- _ASSIGNMENT_:
Ignoring the pictures, copy the data exactly.

- _DATA SECTION_:
-=-=-=-=-
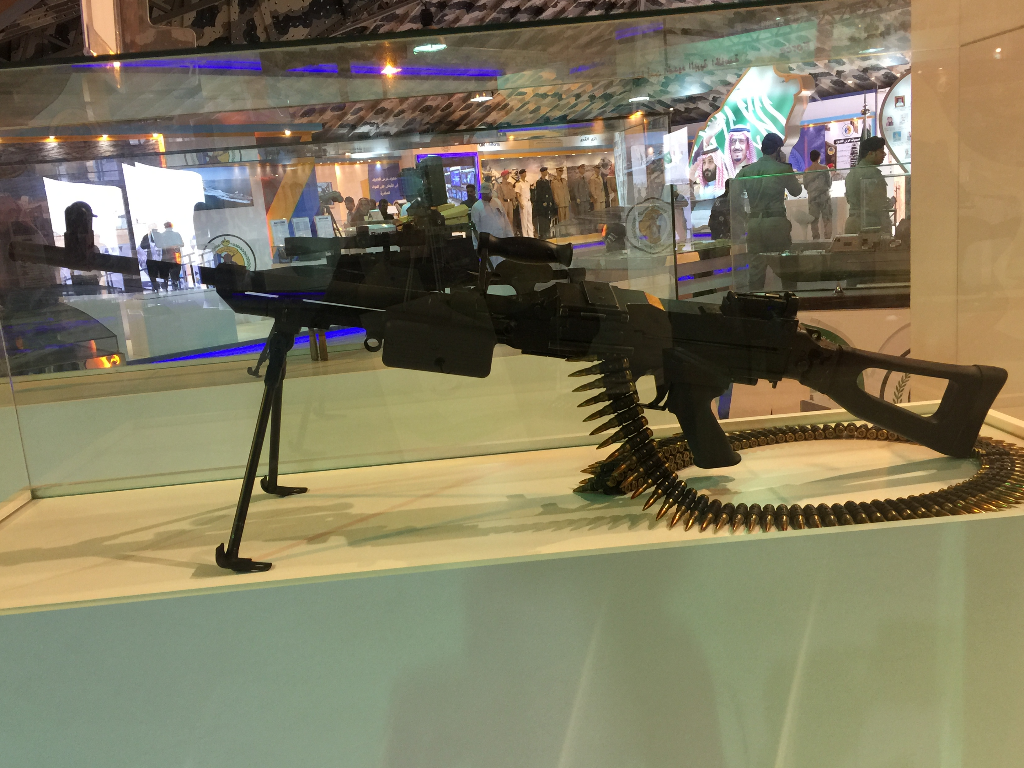 Vektor SS77 machine gun.
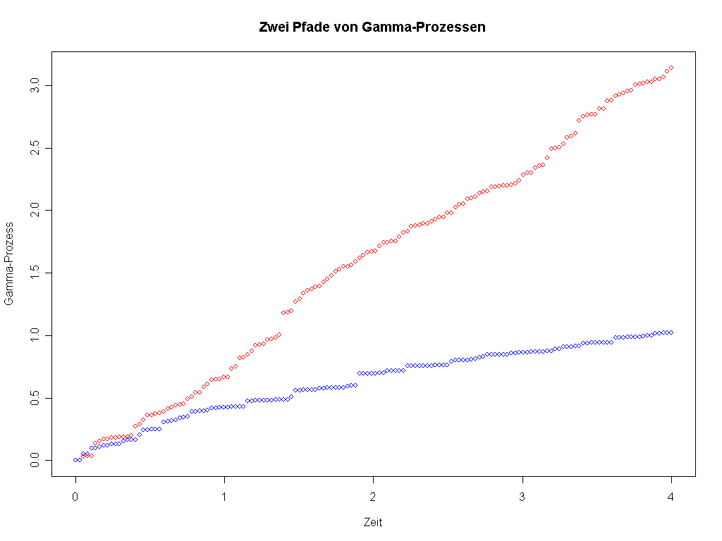 two paths from two different gamma-processes. they are examples auf levy-processes. they are subordinators, ie they are not decreasing.
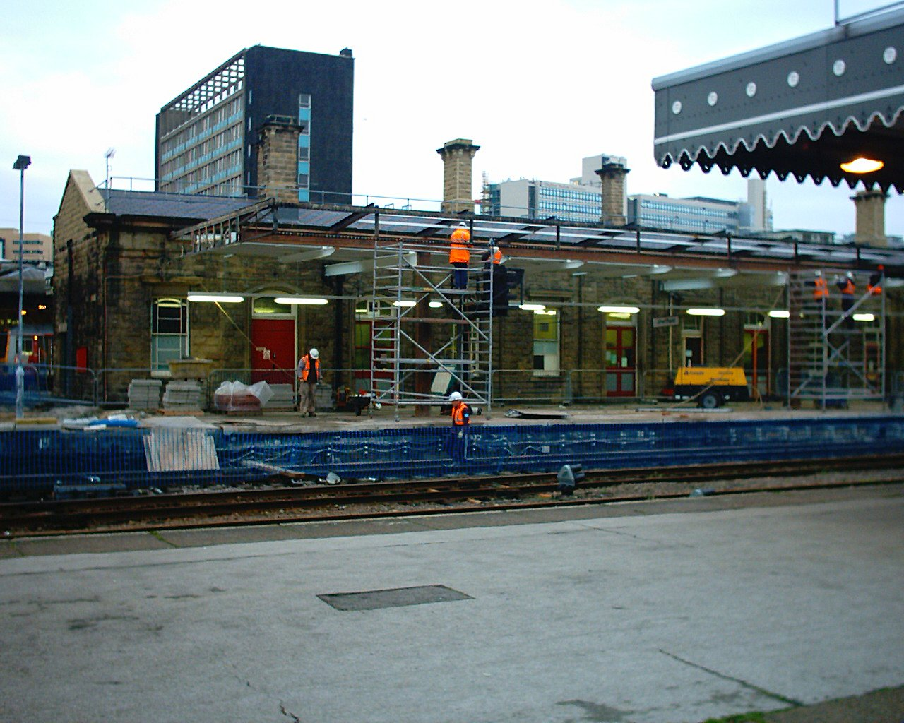 Midland Station platform 5, Sheffield in 2005.
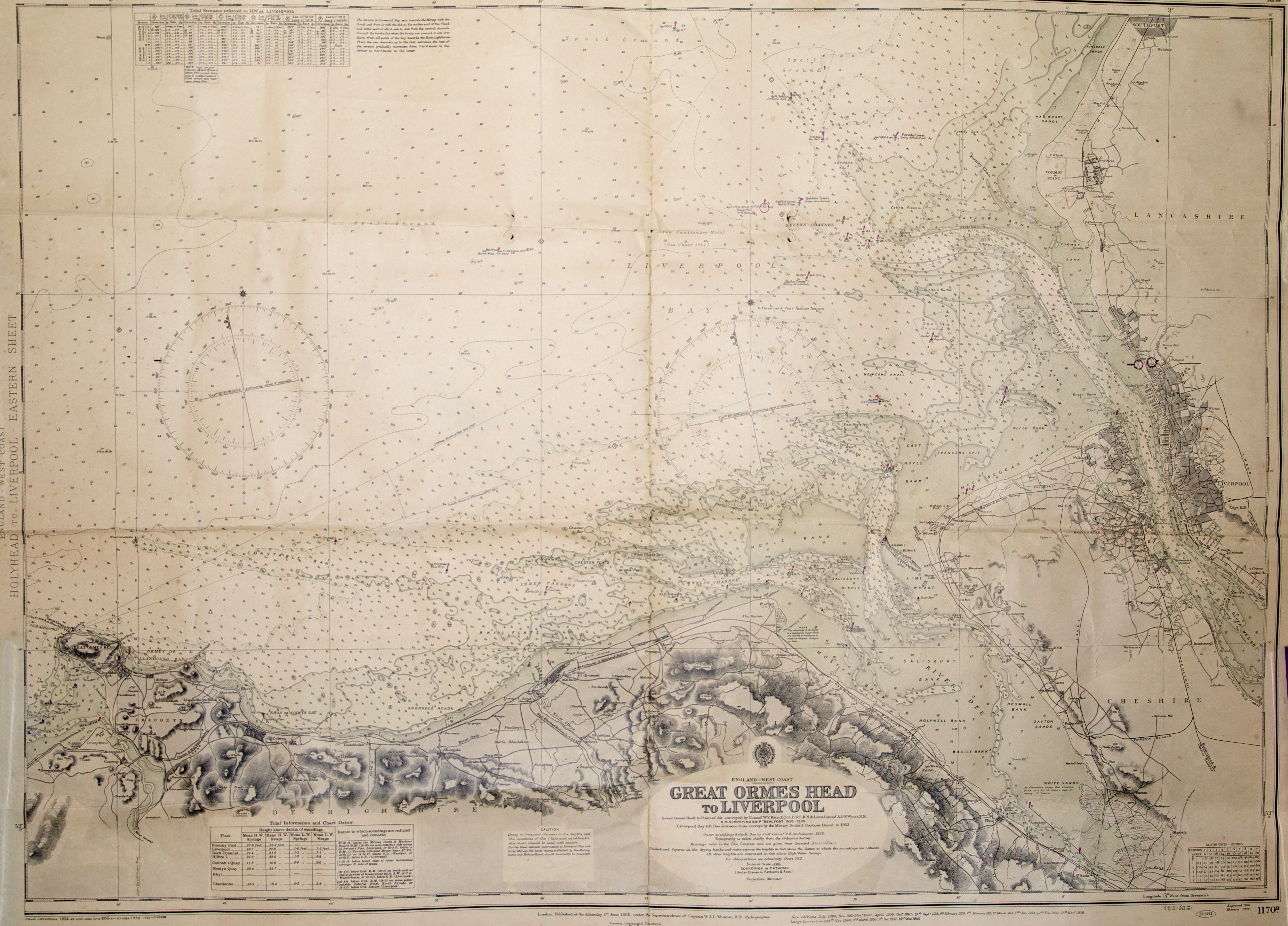 A navigation chart for the coastal waters of Liverpool Bay from Great Ormes Head, Wales to Liverpool, England. First published in 1886, republished with revisions up to 1953.
-=-=-=-=-
- _ANSWER TO THE EXERCISE_:
 Vektor SS77 machine gun.
 two paths from two different gamma-processes. they are examples auf levy-processes. they are subordinators, ie they are not decreasing.
 Midland Station platform 5, Sheffield in 2005.
 A navigation chart for the coastal waters of Liverpool Bay from Great Ormes Head, Wales to Liverpool, England. First published in 1886, republished with revisions up to 1953.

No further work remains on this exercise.